Identification of novel BRCA founder mutations in Middle Eastern breast cancer patients using capture and Sanger sequencing analysis

Abstract

Ethnic differences of breast cancer genomics have prompted us to investigate the spectra of BRCA1 and BRCA2 mutations in different populations. The prevalence and effect of BRCA 1 and BRCA 2 mutations in Middle Eastern population is not fully explored. To characterize the prevalence of BRCA mutations in Middle Eastern breast cancer patients, BRCA mutation screening was performed in 818 unselected breast cancer patients using Capture and/or Sanger sequencing. 19 short tandem repeat (STR) markers were used for founder mutation analysis. In our study, nine different types of deleterious mutation were identified in 28 (3.4%) cases, 25 (89.3%) cases in BRCA 1 and 3 (10.7%) cases in BRCA 2. Seven recurrent mutations identified accounted for 92.9% (26/28) of all the mutant cases. Haplotype analysis was performed to confirm c.1140 dupG and c.4136-4137delCT mutations as novel putative founder mutation, accounting for 46.4% (13/28) of all BRCA mutant cases and 1.6% (13/818) of all the breast cancer cases, respectively.

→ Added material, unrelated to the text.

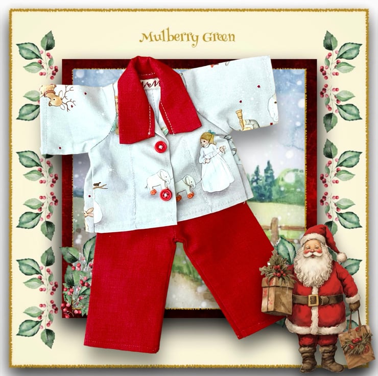 Cute little pyjamas in a Belle and Boo designer print, to fit the Mulberry Green characters. The pyjamas are made from best quality cotton and fasten at the front with two little poppers underneath the buttons.

Moreover, BRCA 1 mutation was significantly associated with BRCA 1 protein expression loss (p = 0.0005). Our finding revealed that a substantial number of BRCA mutations were identified in clinically high risk breast cancer from Middle East region. Identification of the mutation spectrum, prevalence and founder effect in Middle Eastern population facilitates genetic counseling, risk assessment and development of cost-effective screening strategy.